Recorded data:
──────

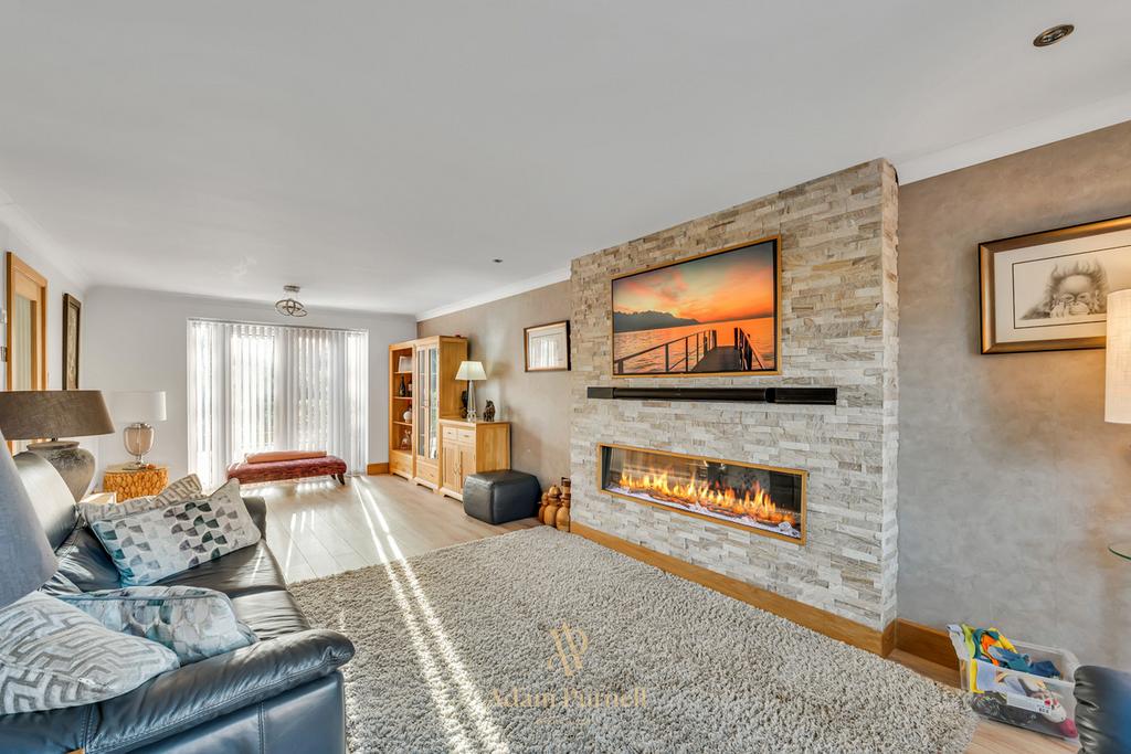 The spacious, light filled lounge features laminate flooring, a striking media wall with feature fire, and a bay window overlooking the front garden. Patio doors open onto the rear garden, while an internal door leads seamlessly through to the kitchen/dining area.
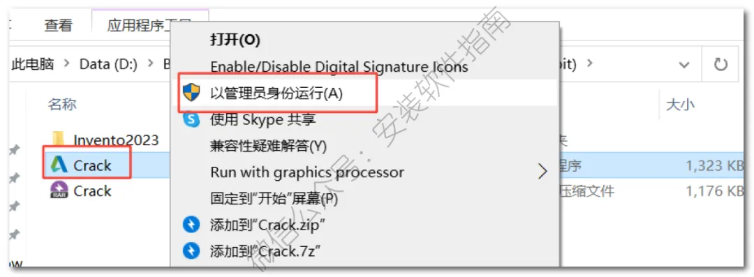 9.双击打开Crack文件夹,然后以管理员身份运行如下图程序
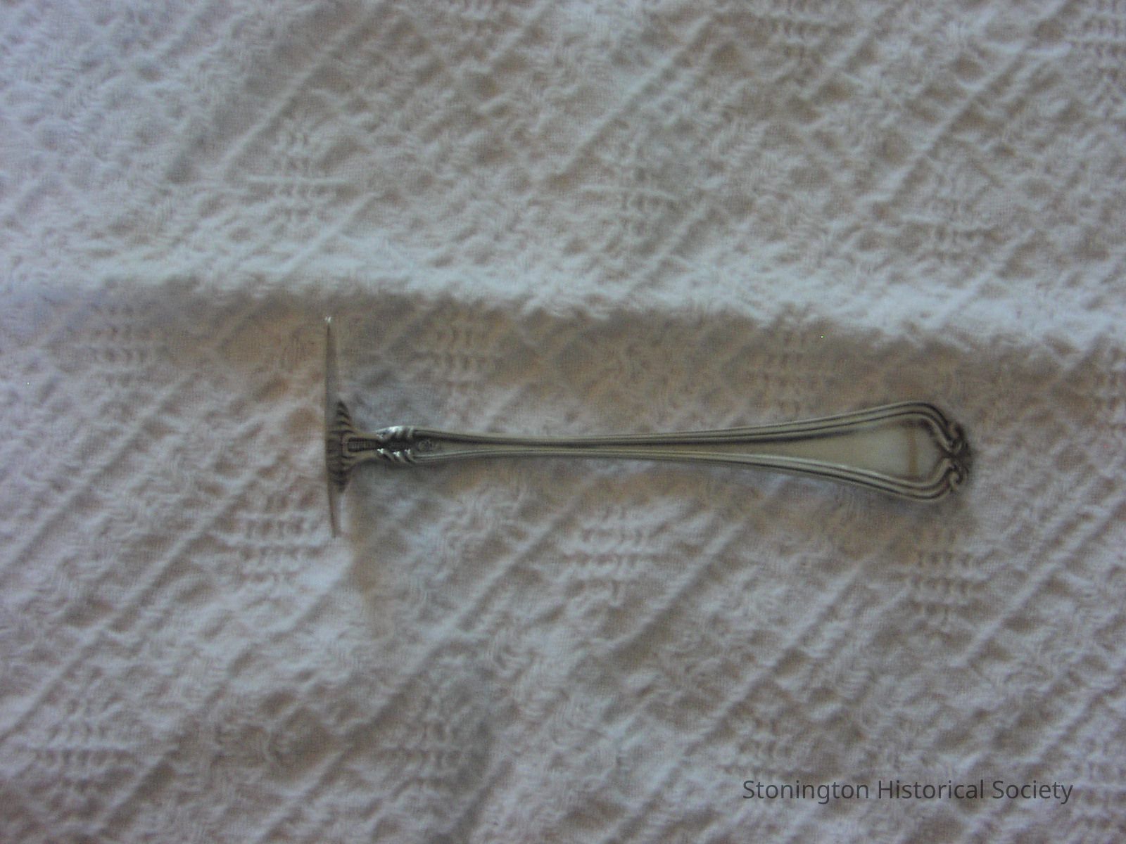 Silver baby food pusher. Used to push food onto a fork.
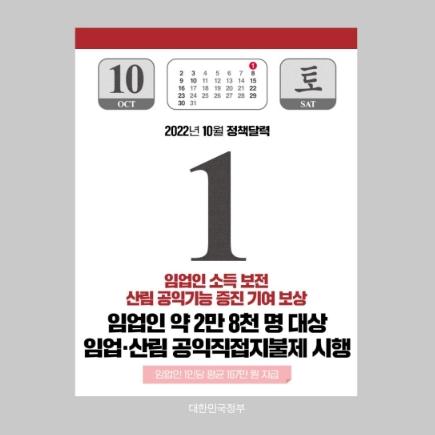 10월 1일부터 산림과 숲의 공익기능 증진을 위한 규정을 준수하고 산림을 보호·관리하는 의무사항을 이행한 임업인을 대상으로 임업·산림 공익직접지불제(이하 임업직불제)를 시행합니다.
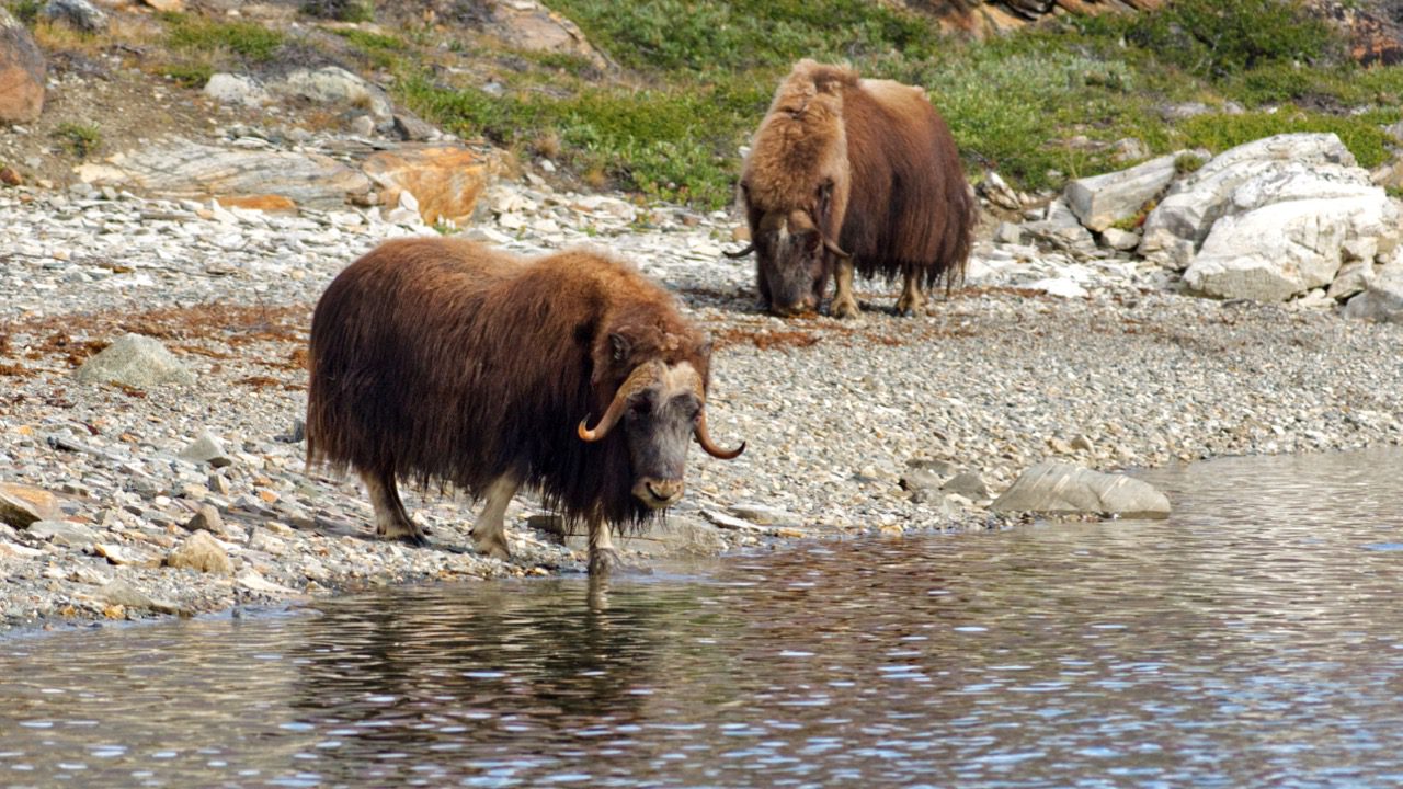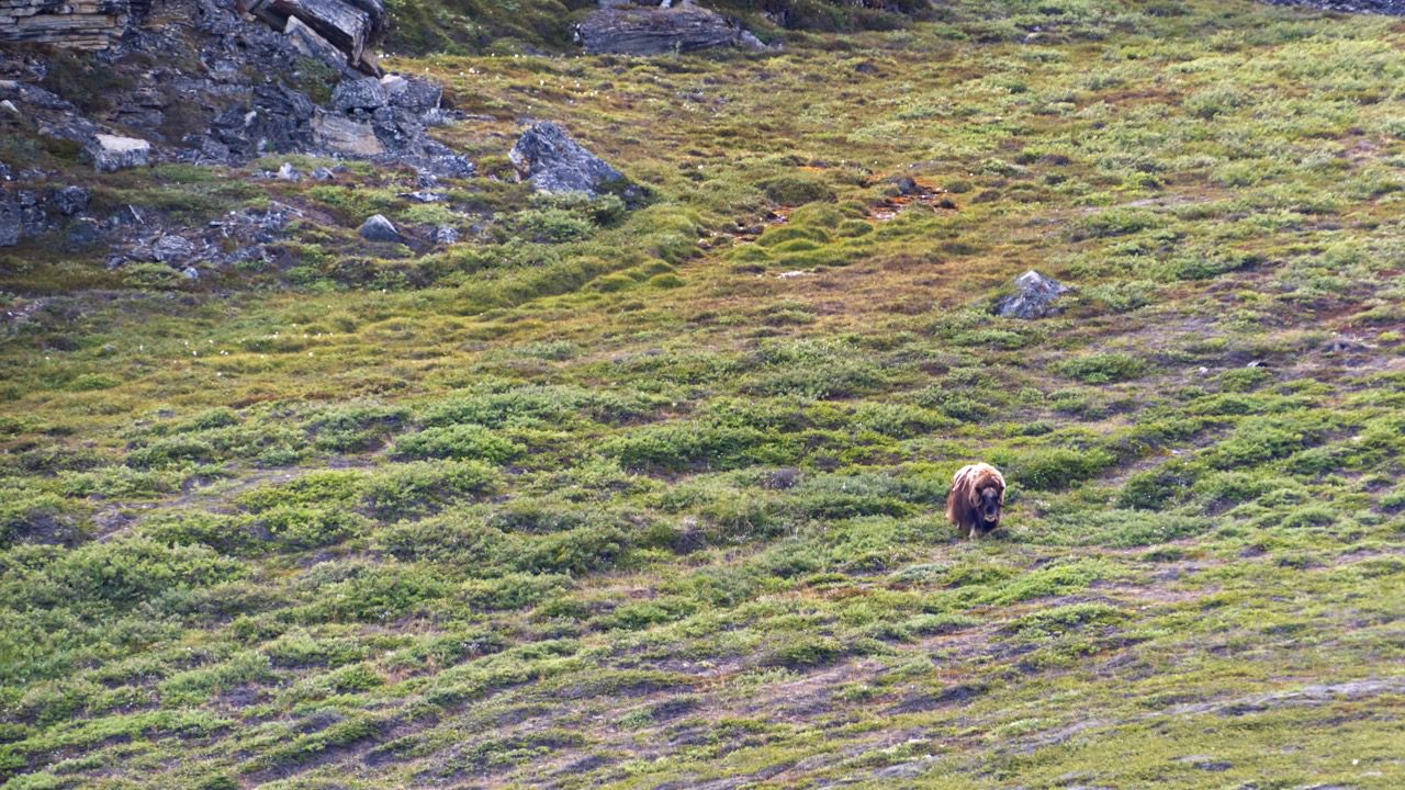 Es ist erstaunlich, welchen sicheren Tritt Moschusochsen haben müssen. Wir folgen den ausgetretenen Pfaden dieser urtümlichen Tiere und wundern uns immer wieder, über welche Steilhänge uns ihre Wege führen.
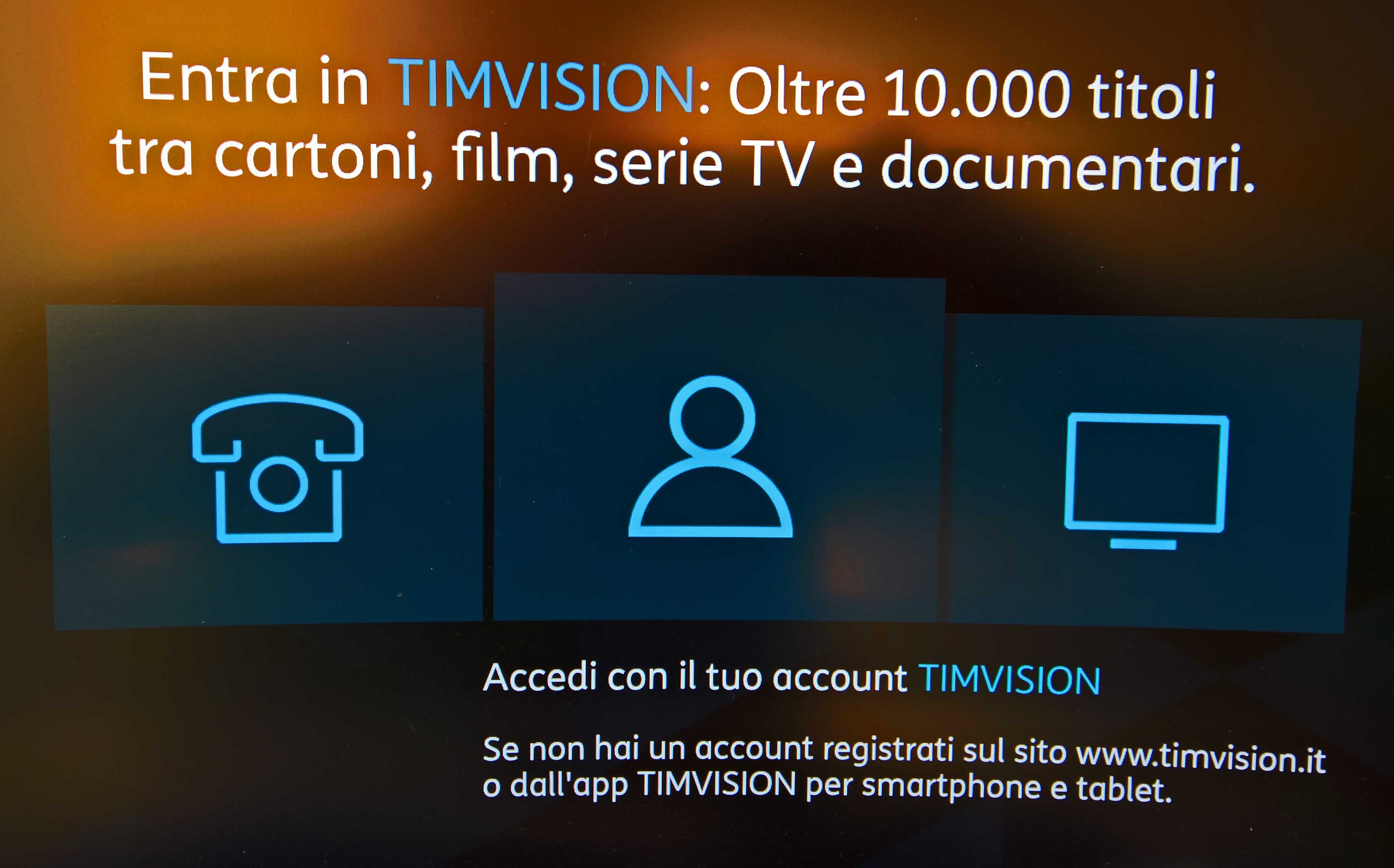 Se si lancia l’app Android su alcuni dispositivi (e.g. Fire Stick Amazon) vengono indicate le tre modalità con cui si può accedere al servizio: in particolare per accedere con il proprio account TIMVISION, viene suggerita la eventuale necessità di una registrazione (se non già effettuata) sul sito http://www.timvision.it o dall’app TIMVISION per smartphone e tablet.
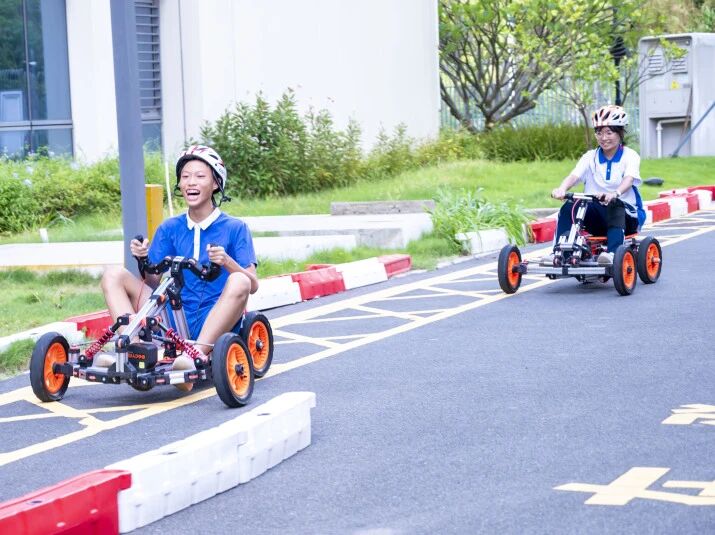 F1赛车在阳光下闪烁,轮胎压过赛道,同学们化身“赛车手”,追逐、超越、冲刺无时无刻都在上演着。
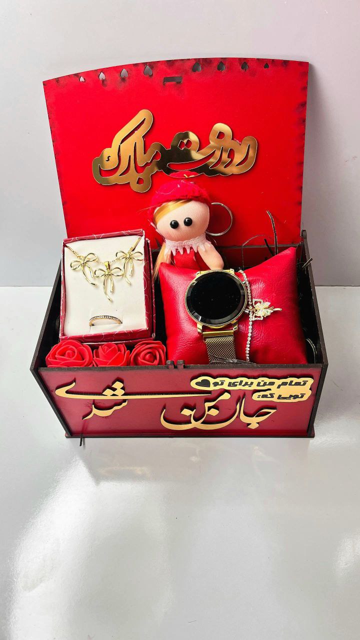 باکس اقتصادی روززن . روزت مبارک هدیه شیک و جذاب زنانه. جعبه چوبی جان من شدی
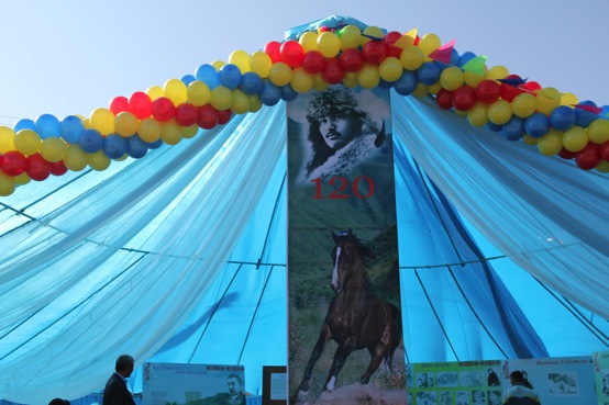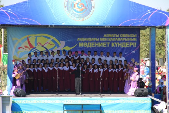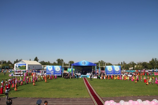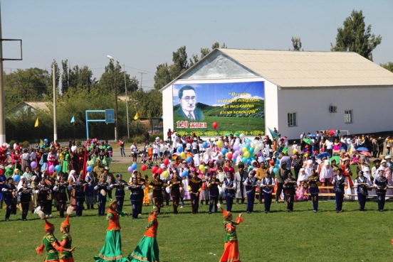 Самое большое и красочное торжество прошло на спортивном стадионе, который стал в этот день огромной концертной площадкой с прекрасной панорамой. Здесь перед трибунами установили сцену, на заднем плане на стене здания висел большой портрет Джансугурова. Погода в этот день полностью соответствовала праздничному настроению: солнце, бескрайнее синее небо, по осеннему свежий воздух добавили ярких красок!
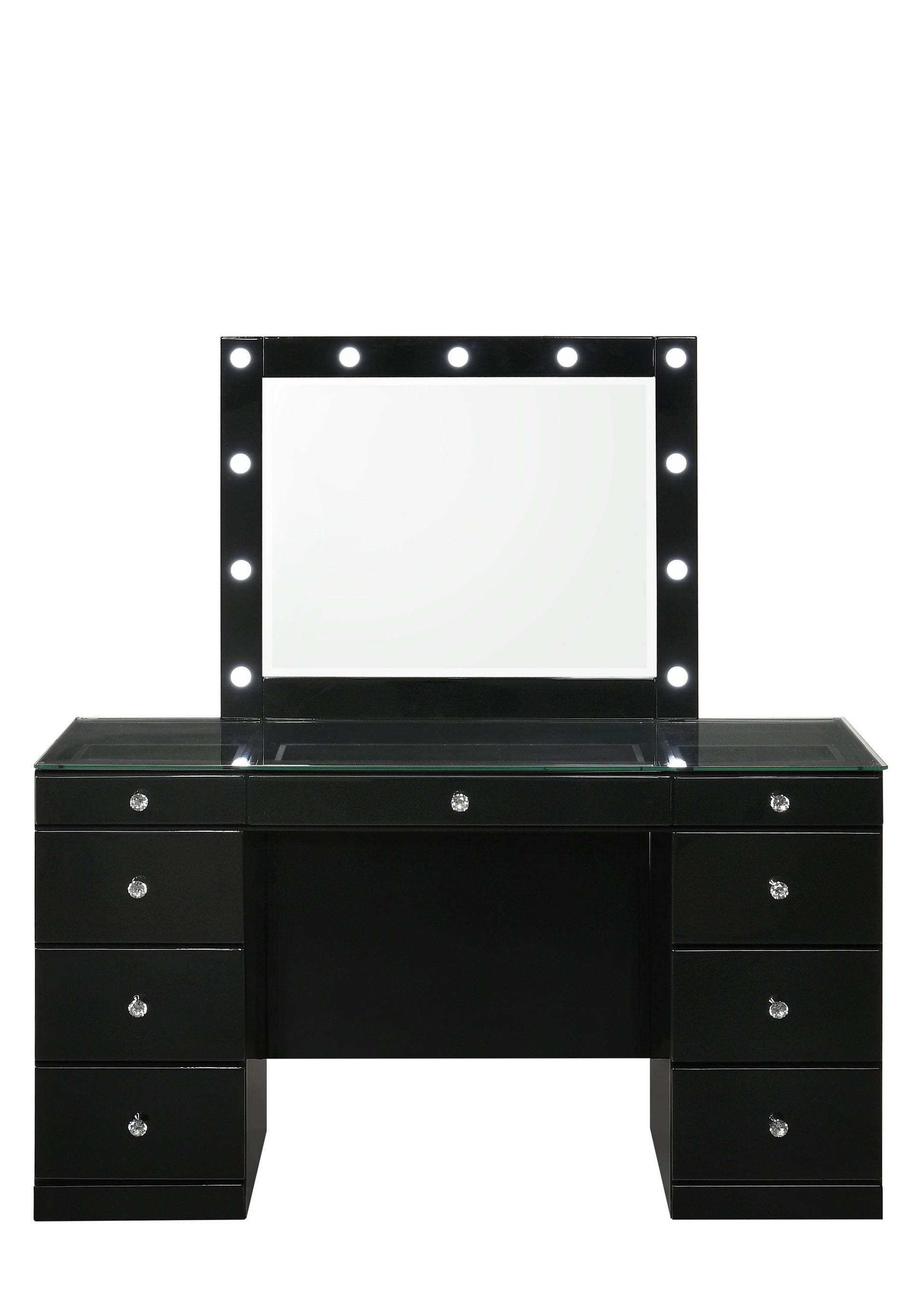 Avery - Vanity Desk With Glass Top, LED Mirror & Stool - Black
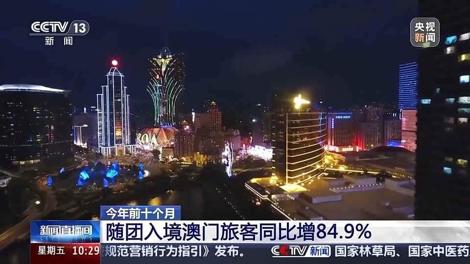 今年前十个月随团入境澳门旅客同比增84.9%
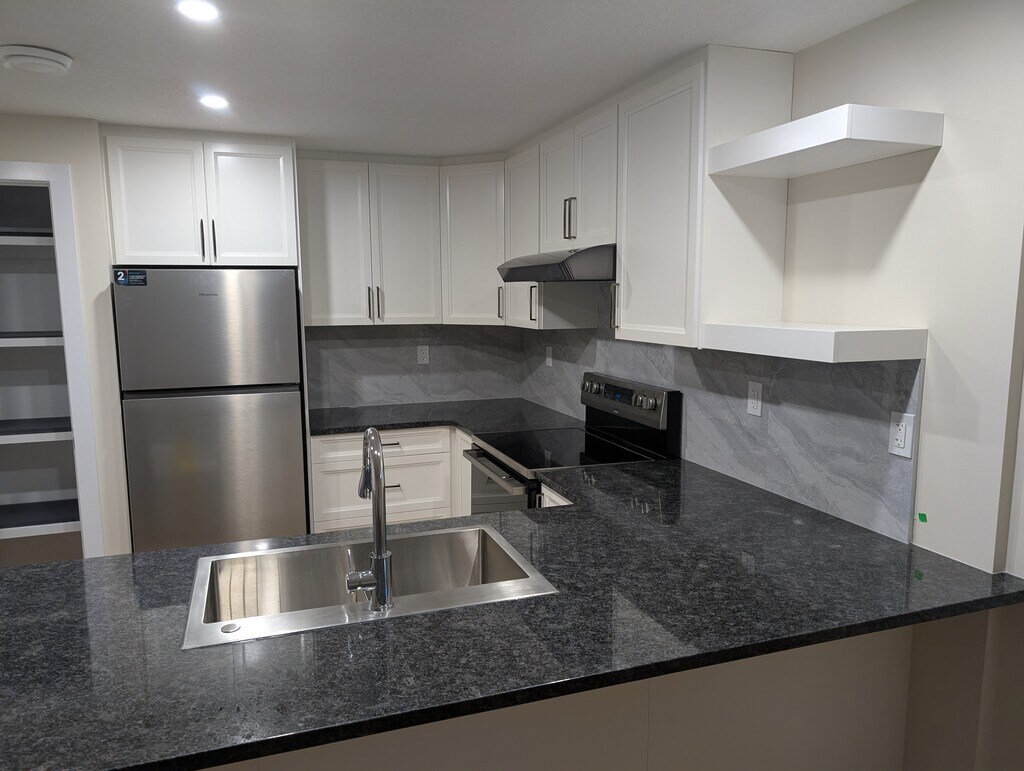 BRAND NEW Bright 2-Bedroom Basement Suite in Morinville with High Ceilings This 2-bedroom basement suite is in a new build located with quick access to highway 2 (minutes from St. Albert) and local shopping centers. It is right across from an elementary school. Dedicated parking is also included. This is a quiet and friendly neighbourhood. The suite itself has a private separate entry and dedicated laundry. It was built with upgraded soundproofing in mind, includes a large walk-in closet for extra storage, and a good-sized pantry. The suite includes a good sized kitchen with beautiful granite countertops, all-wood cabinets, and a large peninsula. Efficiency and good use of space were major considerations for its design. All the appliances are brand new (including a dishwasher), and the unit includes large windows and closets. There will also be a large shed added in the near future for yet more additional storage. Location Easy access to highway 2 Very close to shopping Across from elementary school Size 2 bedroom Full bathroom 8-foot ceilings in main areas, 9-foot ceilings in the bedrooms and regular closets 750sqft living space Large windows Large closets Large kitchen with max storage and peninsula Additional storage Large walk-in closet for extra storage Nice sized pantry Large future shed for extra storage Additional Features New build Upgraded soundproofing in doors, walls, and ceiling Dedicated laundry Brand new appliances (including dishwasher) Beautiful granite countertops in bathroom and kitchen All-wood cabinets Dedicated parking spot out back Private separate entrance Will consider certain pets

──────

> WHAT TO PRODUCE
The lines to reproduce run from the one above containing "Silver baby food" through the one containing "今年前十个月随团入境澳门旅客同比增84.9%". Copy them exactly and leave out all pictures.

> YOUR RESPONSE
 Silver baby food pusher. Used to push food onto a fork.
 10월 1일부터 산림과 숲의 공익기능 증진을 위한 규정을 준수하고 산림을 보호·관리하는 의무사항을 이행한 임업인을 대상으로 임업·산림 공익직접지불제(이하 임업직불제)를 시행합니다.
 Es ist erstaunlich, welchen sicheren Tritt Moschusochsen haben müssen. Wir folgen den ausgetretenen Pfaden dieser urtümlichen Tiere und wundern uns immer wieder, über welche Steilhänge uns ihre Wege führen.
 Se si lancia l’app Android su alcuni dispositivi (e.g. Fire Stick Amazon) vengono indicate le tre modalità con cui si può accedere al servizio: in particolare per accedere con il proprio account TIMVISION, viene suggerita la eventuale necessità di una registrazione (se non già effettuata) sul sito http://www.timvision.it o dall’app TIMVISION per smartphone e tablet.
 F1赛车在阳光下闪烁,轮胎压过赛道,同学们化身“赛车手”,追逐、超越、冲刺无时无刻都在上演着。
 باکس اقتصادی روززن . روزت مبارک هدیه شیک و جذاب زنانه. جعبه چوبی جان من شدی
 Самое большое и красочное торжество прошло на спортивном стадионе, который стал в этот день огромной концертной площадкой с прекрасной панорамой. Здесь перед трибунами установили сцену, на заднем плане на стене здания висел большой портрет Джансугурова. Погода в этот день полностью соответствовала праздничному настроению: солнце, бескрайнее синее небо, по осеннему свежий воздух добавили ярких красок!
 Avery - Vanity Desk With Glass Top, LED Mirror & Stool - Black
 今年前十个月随团入境澳门旅客同比增84.9%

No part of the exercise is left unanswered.